**DIRECTIONS**
For this exercise, write out every entry exactly and leave the pictures out.

Stored data entries
┏━━

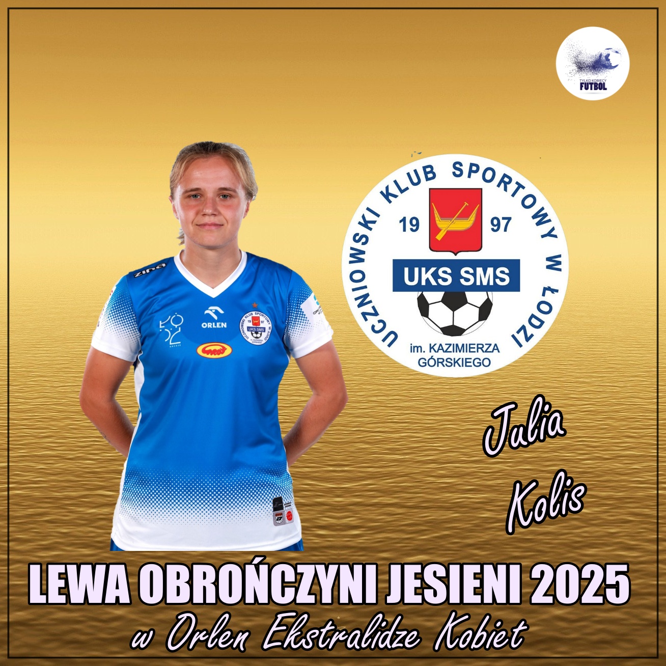 Na ligowej mapie jesieni swoje akcenty miały także zespoły spoza ścisłej czołówki. SMS Łódź zakończył rundę jesienną na ósmym miejscu w tabeli Orlen Ekstraliga. Kolis zagrała osiem spotkań od pierwszej minuty, raz pojawiła się na boisku z ławki, a jej dorobek ofensywny obejmuje jednego gola w wygranym 3:1 meczu z Lech Poznań.
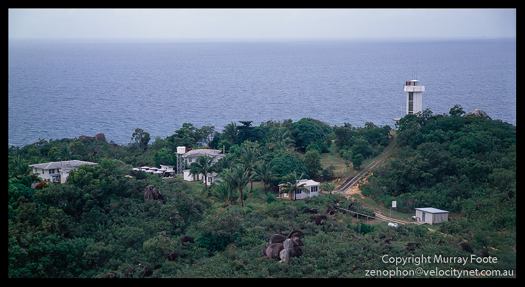Fitzroy Island is off the coast of northern Queensland, just south of Cairns. Here we have the usual assemblage of keepers’ quarters and other buildings along with the lighthouse. Lighthouse buildings built further south in the nineteenth century would be of stone but here I think the houses appear to be wood and the sheds fibro (asbestos sheeting) or corrugated iron.
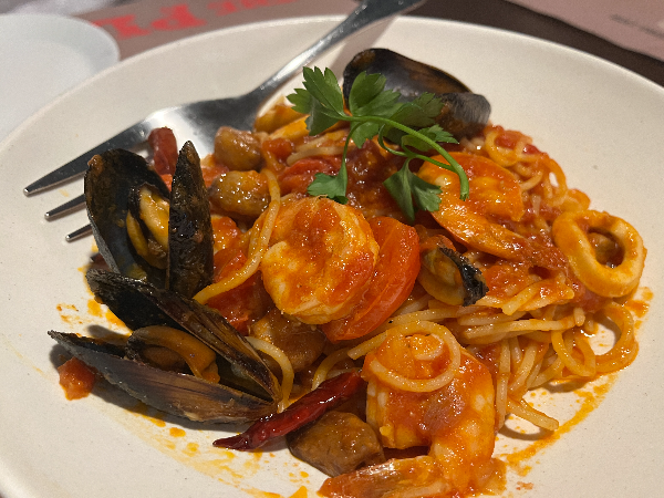 새우, 오징어, 홍합 등 해산물이 들어간 매콤한 파스타입니다.
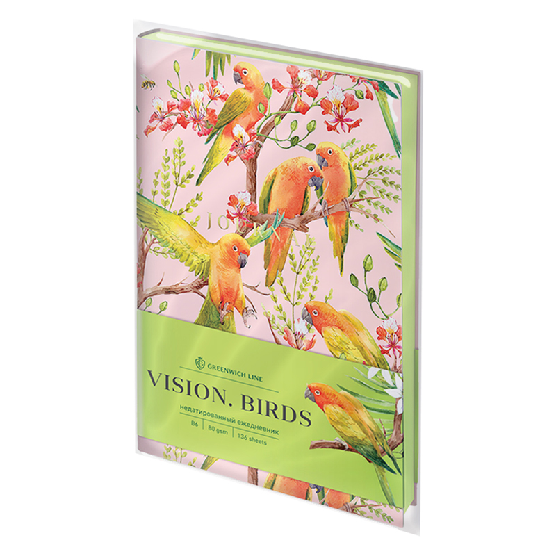 Ежедневник недатированный Greenwich Line Vision Birds, А6, 136 листов, иск. кожа
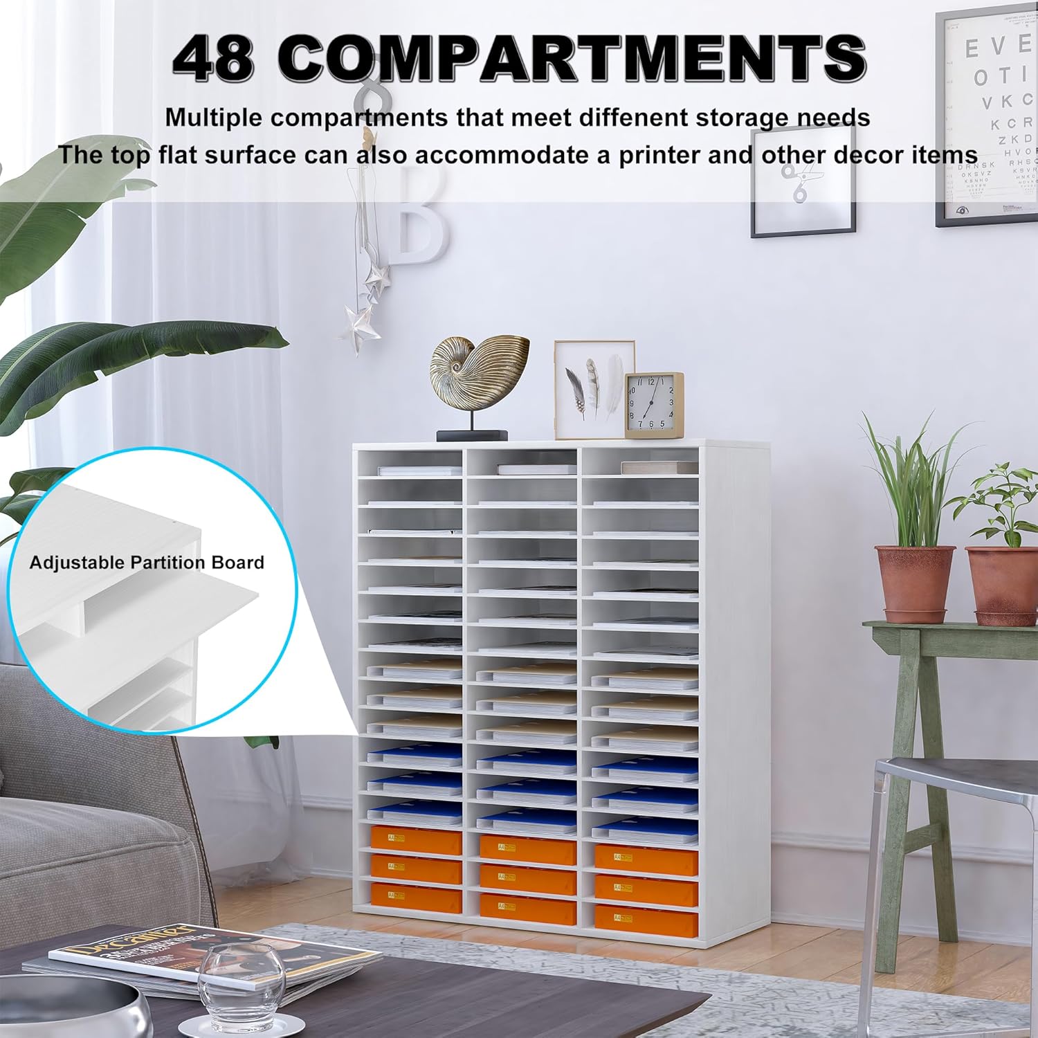 Mail Sorter Wood Literature Organizer, Student Mailbox for Classroom, Desktop Bill Paper Organizer for Office Home School, 48 Compartments, Black
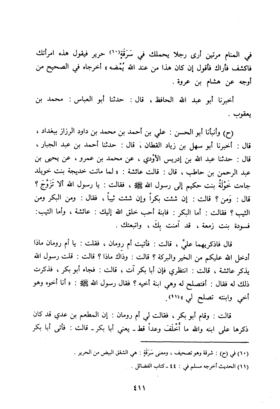 فِي الْمَنَامِ مَرَّتَيْنِ أَرَى رَجُلًا يَحْمِلُكِ فِي سَرَقَةِ [ (10) ] حَرِيرٍ فَيَقُولُ هَذِهِ امْرَأَتُكَ فَأَكْشِفُ فَأَرَاكِ فَأَقُولُ إِنْ كَانَ هَذَا مِنْ عِنْدِ اللهِ يُمْضِهِ» أَخْرَجَاهُ فِي الصَّحِيحِ مِنْ أَوْجُهٍ عَنْ هِشَامِ بْنِ عُرْوَةَ.
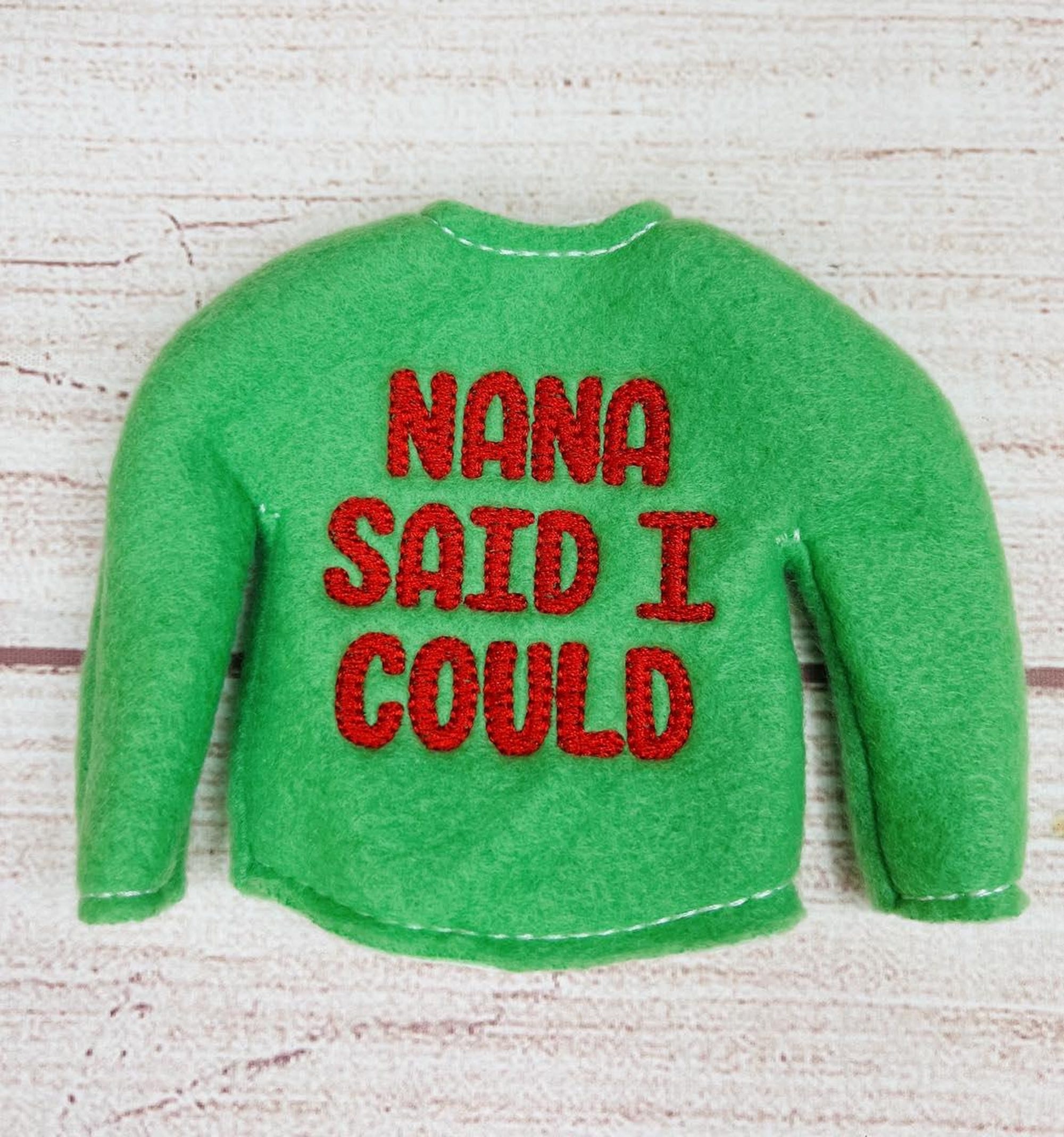 Nana and Papa said I could Elf Sweaters -Sweaters for Elves-Christmas Fun-Elf Doll Sweater-Elf Doll-Clothes for Elf-elf prop- Elf Sweater

┗━━

**ANSWER BOX**
 Na ligowej mapie jesieni swoje akcenty miały także zespoły spoza ścisłej czołówki. SMS Łódź zakończył rundę jesienną na ósmym miejscu w tabeli Orlen Ekstraliga. Kolis zagrała osiem spotkań od pierwszej minuty, raz pojawiła się na boisku z ławki, a jej dorobek ofensywny obejmuje jednego gola w wygranym 3:1 meczu z Lech Poznań.
Fitzroy Island is off the coast of northern Queensland, just south of Cairns. Here we have the usual assemblage of keepers’ quarters and other buildings along with the lighthouse. Lighthouse buildings built further south in the nineteenth century would be of stone but here I think the houses appear to be wood and the sheds fibro (asbestos sheeting) or corrugated iron.
 새우, 오징어, 홍합 등 해산물이 들어간 매콤한 파스타입니다.
 Ежедневник недатированный Greenwich Line Vision Birds, А6, 136 листов, иск. кожа
 Mail Sorter Wood Literature Organizer, Student Mailbox for Classroom, Desktop Bill Paper Organizer for Office Home School, 48 Compartments, Black
 فِي الْمَنَامِ مَرَّتَيْنِ أَرَى رَجُلًا يَحْمِلُكِ فِي سَرَقَةِ [ (10) ] حَرِيرٍ فَيَقُولُ هَذِهِ امْرَأَتُكَ فَأَكْشِفُ فَأَرَاكِ فَأَقُولُ إِنْ كَانَ هَذَا مِنْ عِنْدِ اللهِ يُمْضِهِ» أَخْرَجَاهُ فِي الصَّحِيحِ مِنْ أَوْجُهٍ عَنْ هِشَامِ بْنِ عُرْوَةَ.
 Nana and Papa said I could Elf Sweaters -Sweaters for Elves-Christmas Fun-Elf Doll Sweater-Elf Doll-Clothes for Elf-elf prop- Elf Sweater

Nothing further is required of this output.